Chang, Y. 1 , Furber, S. 2 & Welbourne, S. 1
1 Neuroscience and Aphasia Research Unit (NARU), University of Manchester
2 Advanced Processor Technologies (APT) Group, University of Manchester
During reading, visual information from print is transformed into sound and meaning. This transformation process involves a series of processing stages including mappings between visual, orthographic, phonological and semantic representations. Most existing computational models of single word reading have been focused on only the last three (orthographic, phonological and semantic) stages, with little attention devoted to the role of visual processing. To rectify this, we incorporated a visual processing stage into several parallel models of reading. Specifically, we investigated to what extent visual processing is involved in the "serial" phenomena observed in normal reading (e.g., the length effect and the position of irregularity effect). These effects were previously thought by many (e.g., Coltheart et al., 2001) to imply the existence of a serial processing mechanism operating alongside the parallel processing mechanism that subserves human reading. However, the simulations reported here show that purely parallel models, which include a visual processing stage, can account for the length by lexicality effect found in normal reading (Weekes, 1997).

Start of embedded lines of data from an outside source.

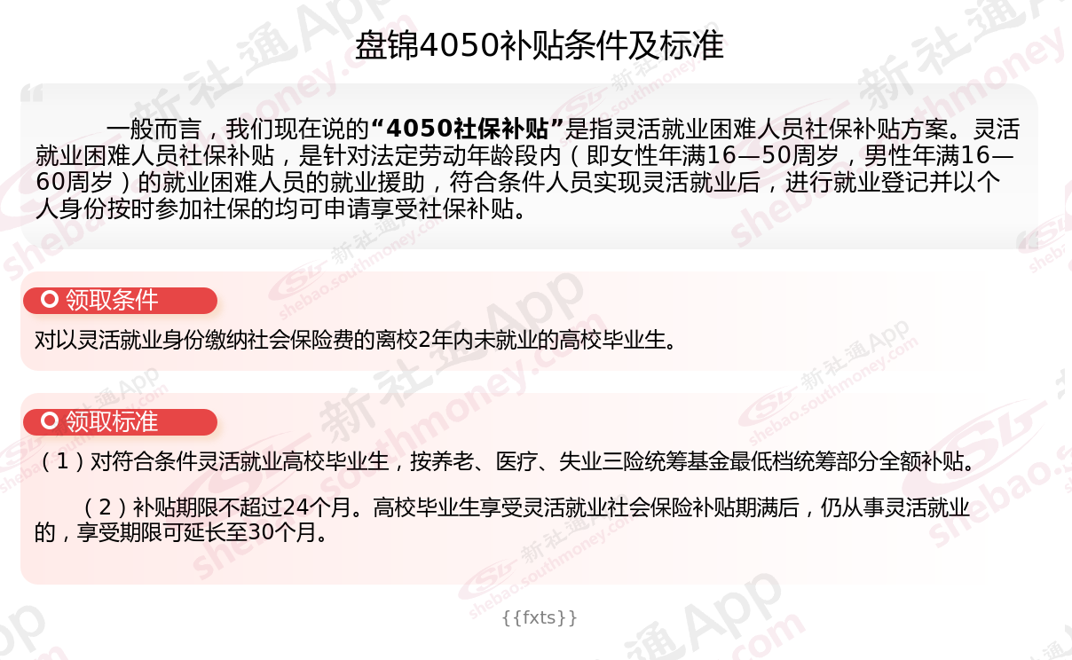 以上就是盘锦4050灵活就业社保补贴的相关内容,欢迎关注新社通/下载新社通APP了解更多五险一金专业资讯。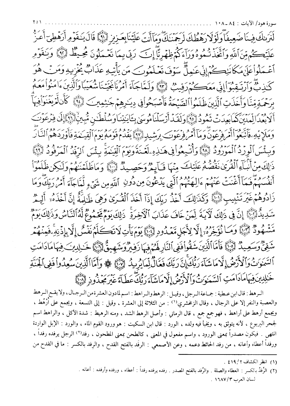 الرهط : قال ابن عطية جماعة الرجل ، وقيل : الرهط والراهط اسم لما دون العشرة من الرجال ، ولا يقع الرهط والعصبة والنفر إلا على الرجال . وقال الزمخشري : من الثلاثة إلى العشرة . وقيل : إلى التسعة ، ويجمع على أرهط ، ويجمع أرهط على أراهط ، فهو جمع جمع . قال الرماني : وأصل الرهط الشد ، ومنه الرهيط شدة الأكل ، والراهط اسم لجحر اليربوع لأنه يتوثق به ويخبأ فيه ولده .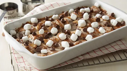 Ooey gooey cinnamon roll pull-aparts and s’mores come together in this indulgent bubble-up bake, sure to become a breakfast favorite.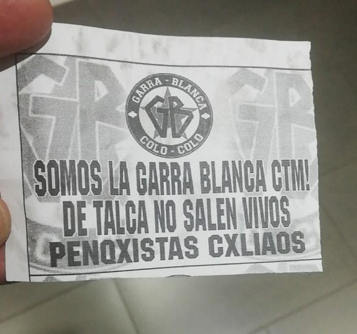 El papel lanzado por los hinchas desde el vehículo señalaba que “somos la Garra Blanca CTM! De Talca no salen vivos penqxistas cxliaos”. Sin embargo, un retén móvil de Carabineros registró la placa patente del auto desde el que se lanzaron los panfletos.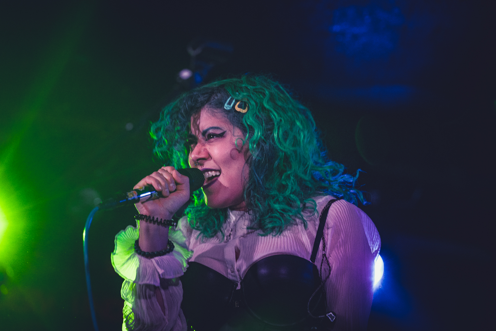Opening the night was Germany’s Skin On Flesh from Berlin. I’ve arrived at the middle of their set, but was clear that this was going to be a great night, with a lot of energy coming from Laura Jimenéz on the vocals with her bright green hair, bringing their songs with heavy influence on the 2000s punk rock genres.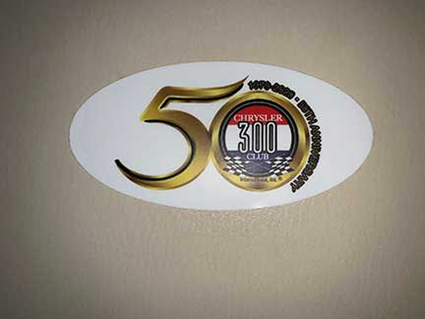 Joe Gross has had a limited number of “Peel & Stick" 50th Anniversary Weatherproof Decals for your 300 window.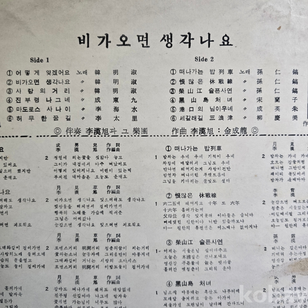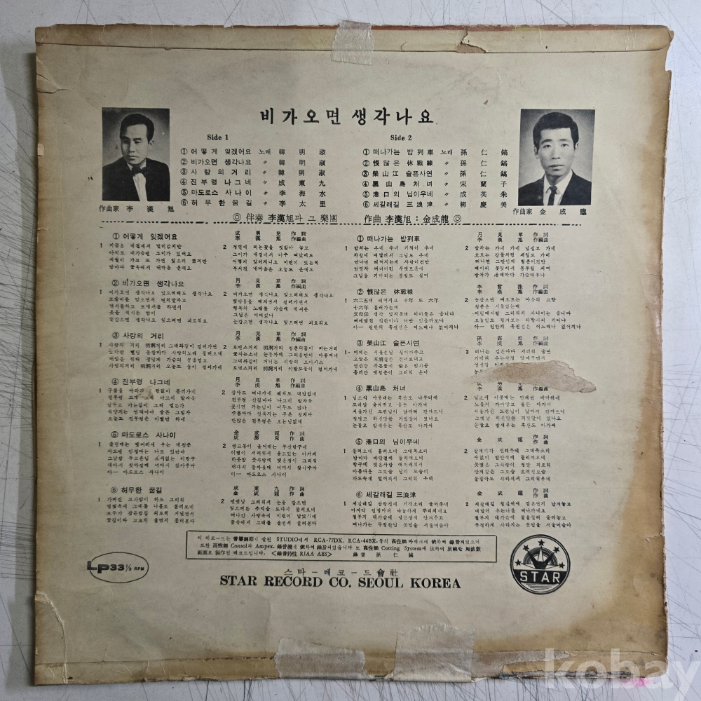 | 자켓상태 | VG : 주름, 접힘, 모서리 찢김 다수 | 음반상태 | VG : 생활 기스 다수, 가벼운 노이즈 존재 | 발매정보 | 초반 | 가사지여부 | 무 |

Further analyses revealed that the length effect arises as an emergent property of mappings between length-dependent visual representations, centred around an optimal viewing position, and length-independent phonological representations. A critical factor is that the model must be allowed freely to develop its own internal orthographic representations. In addition to simulating length effects, the model could also simulate the position of irregularity effect (Rastle& Coltheart 1999; Roberts et al. 2003) and the "whammy effect" (Rastle& Coltheart, 1998). Overall these findings suggest that understanding the nature of the mapping between visual forms and phonological representations is vital to a proper explanation of these controversial ?serial? phenomena.